What to do: Give back the records below verbatim, please, but without a single image.

Dataset entries:
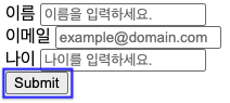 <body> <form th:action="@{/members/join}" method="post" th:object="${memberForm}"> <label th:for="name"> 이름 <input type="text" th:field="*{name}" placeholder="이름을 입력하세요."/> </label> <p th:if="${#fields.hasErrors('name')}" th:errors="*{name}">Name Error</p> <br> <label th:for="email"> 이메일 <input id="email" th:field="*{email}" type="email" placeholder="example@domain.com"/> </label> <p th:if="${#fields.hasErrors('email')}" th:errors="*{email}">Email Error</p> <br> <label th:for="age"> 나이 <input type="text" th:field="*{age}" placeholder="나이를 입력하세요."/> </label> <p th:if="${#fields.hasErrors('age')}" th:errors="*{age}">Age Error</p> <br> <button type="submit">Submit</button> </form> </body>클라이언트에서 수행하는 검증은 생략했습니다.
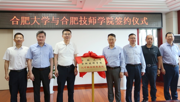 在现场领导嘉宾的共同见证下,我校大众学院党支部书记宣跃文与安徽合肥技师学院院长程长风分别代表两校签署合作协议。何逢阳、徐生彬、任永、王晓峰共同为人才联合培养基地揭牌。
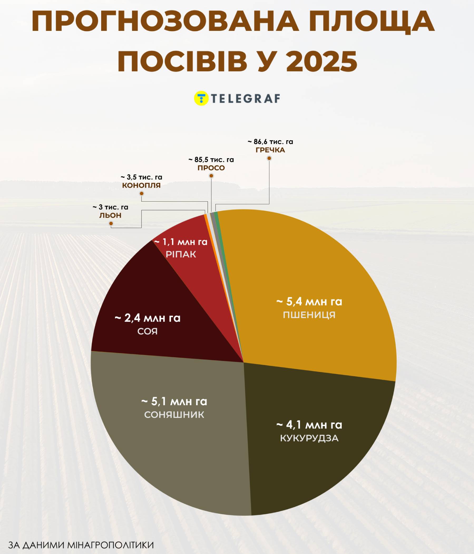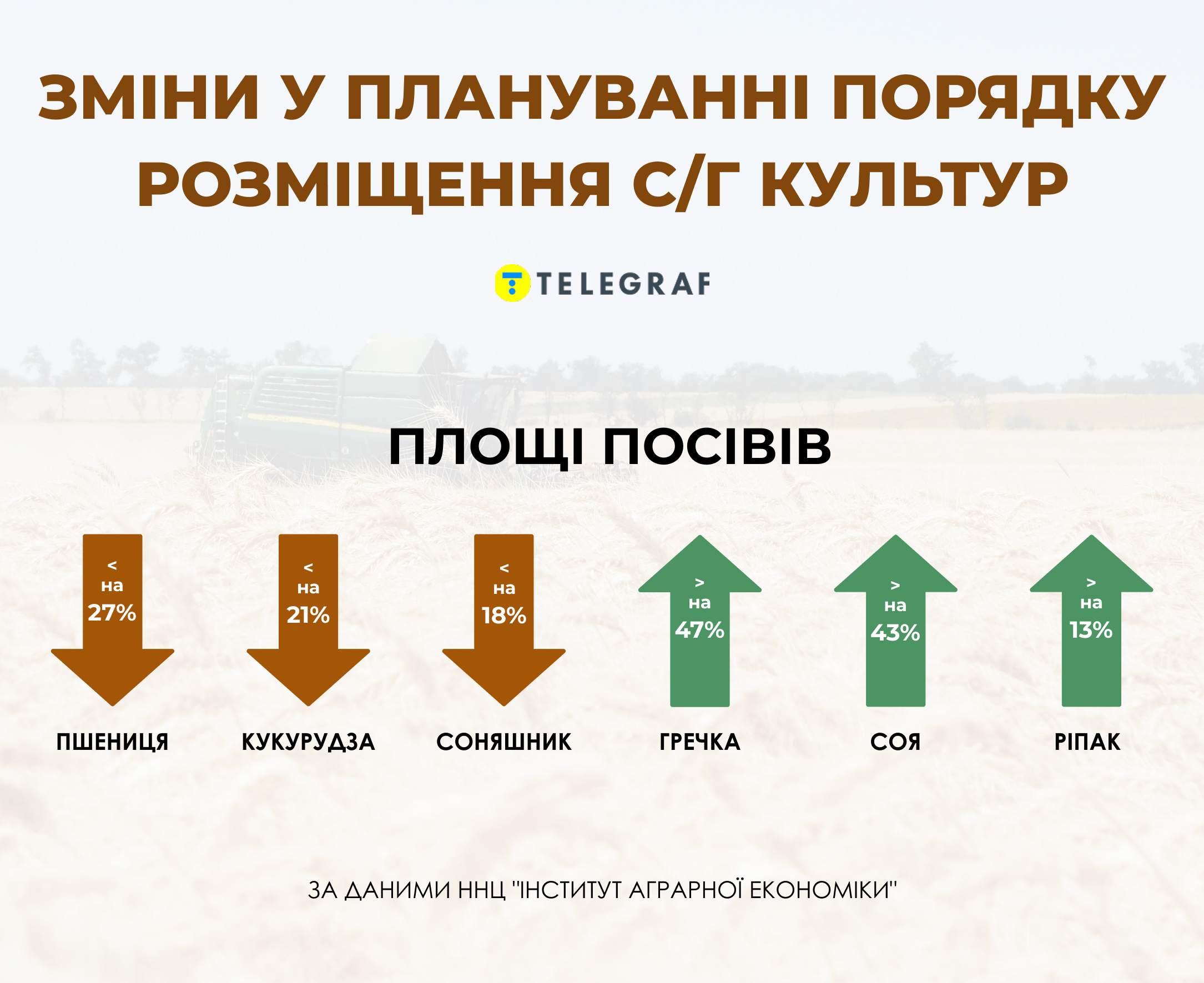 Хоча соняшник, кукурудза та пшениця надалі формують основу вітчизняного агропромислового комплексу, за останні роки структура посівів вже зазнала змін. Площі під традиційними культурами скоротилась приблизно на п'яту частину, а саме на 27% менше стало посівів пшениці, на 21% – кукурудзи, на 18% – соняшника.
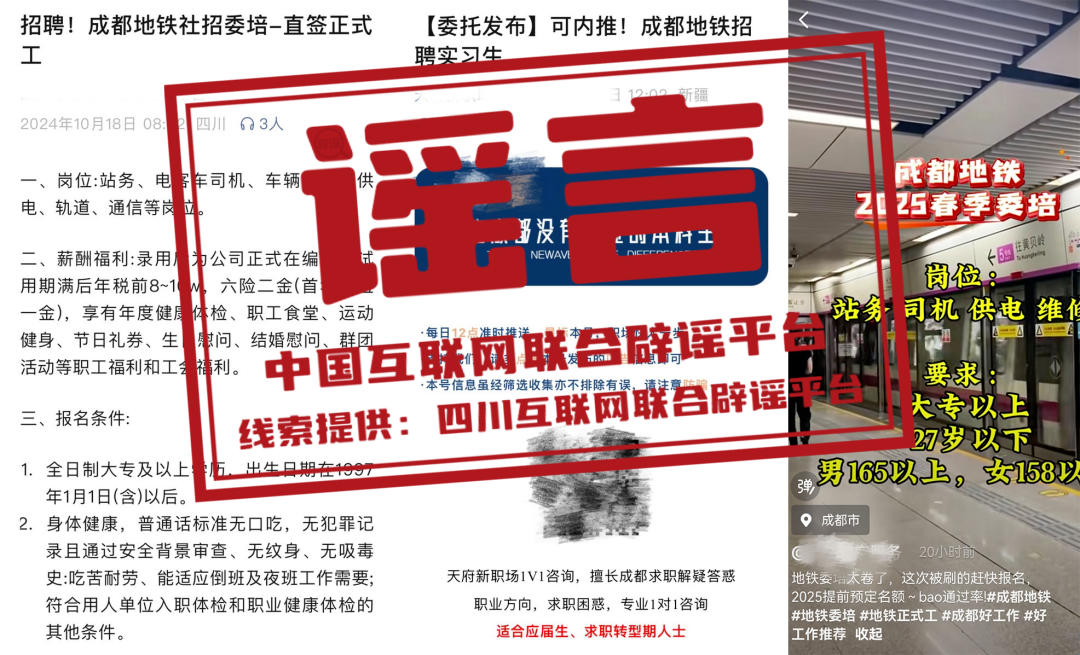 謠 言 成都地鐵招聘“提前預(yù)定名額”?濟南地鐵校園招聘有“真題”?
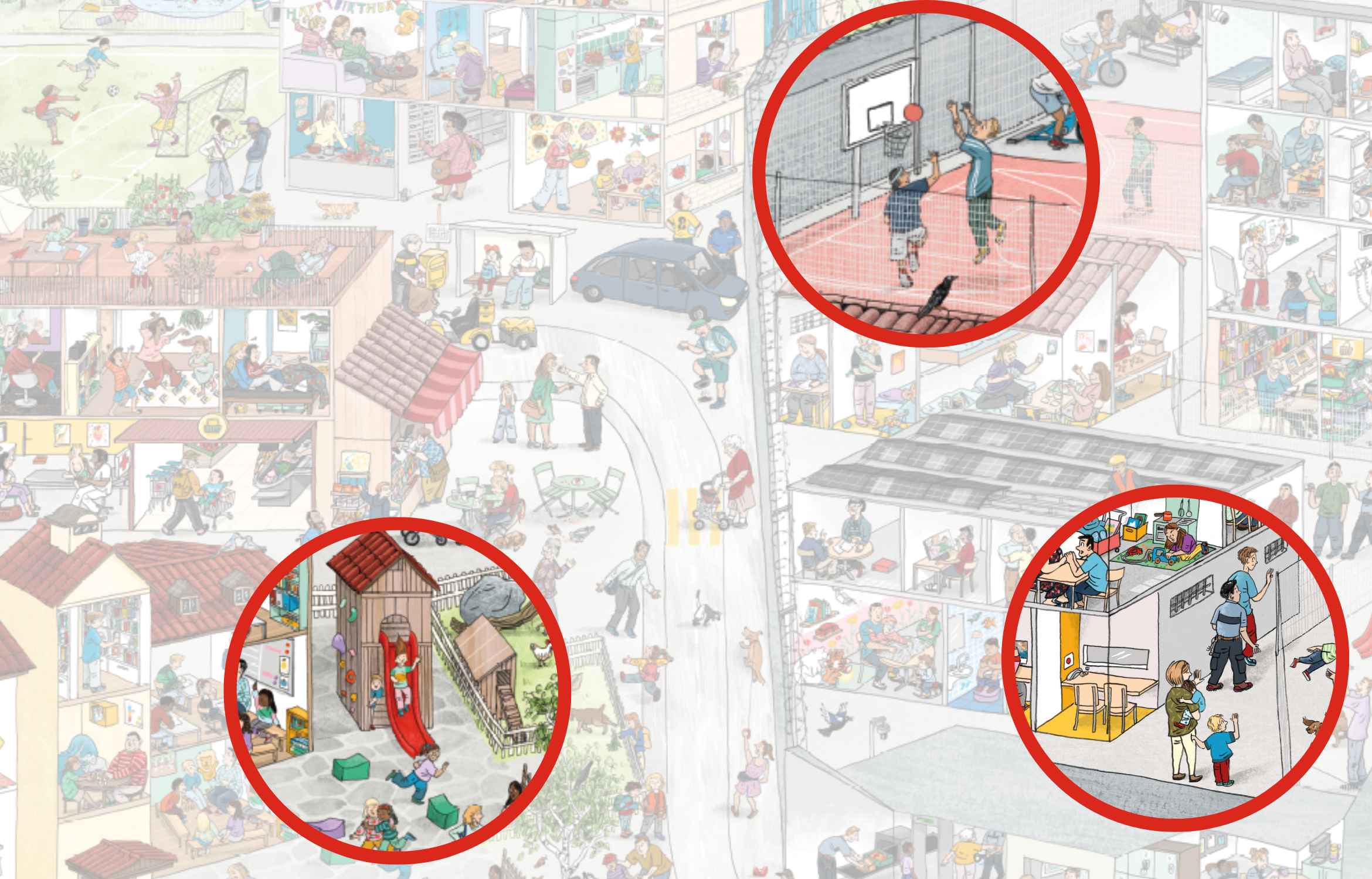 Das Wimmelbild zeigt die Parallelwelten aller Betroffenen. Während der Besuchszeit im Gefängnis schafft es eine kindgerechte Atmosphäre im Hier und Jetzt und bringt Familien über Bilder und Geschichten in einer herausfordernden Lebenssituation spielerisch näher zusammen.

Written response:
 <body> <form th:action="@{/members/join}" method="post" th:object="${memberForm}"> <label th:for="name"> 이름 <input type="text" th:field="*{name}" placeholder="이름을 입력하세요."/> </label> <p th:if="${#fields.hasErrors('name')}" th:errors="*{name}">Name Error</p> <br> <label th:for="email"> 이메일 <input id="email" th:field="*{email}" type="email" placeholder="example@domain.com"/> </label> <p th:if="${#fields.hasErrors('email')}" th:errors="*{email}">Email Error</p> <br> <label th:for="age"> 나이 <input type="text" th:field="*{age}" placeholder="나이를 입력하세요."/> </label> <p th:if="${#fields.hasErrors('age')}" th:errors="*{age}">Age Error</p> <br> <button type="submit">Submit</button> </form> </body>클라이언트에서 수행하는 검증은 생략했습니다.
 在现场领导嘉宾的共同见证下,我校大众学院党支部书记宣跃文与安徽合肥技师学院院长程长风分别代表两校签署合作协议。何逢阳、徐生彬、任永、王晓峰共同为人才联合培养基地揭牌。
 Хоча соняшник, кукурудза та пшениця надалі формують основу вітчизняного агропромислового комплексу, за останні роки структура посівів вже зазнала змін. Площі під традиційними культурами скоротилась приблизно на п'яту частину, а саме на 27% менше стало посівів пшениці, на 21% – кукурудзи, на 18% – соняшника.
 謠 言 成都地鐵招聘“提前預(yù)定名額”?濟南地鐵校園招聘有“真題”?
 Das Wimmelbild zeigt die Parallelwelten aller Betroffenen. Während der Besuchszeit im Gefängnis schafft es eine kindgerechte Atmosphäre im Hier und Jetzt und bringt Familien über Bilder und Geschichten in einer herausfordernden Lebenssituation spielerisch näher zusammen.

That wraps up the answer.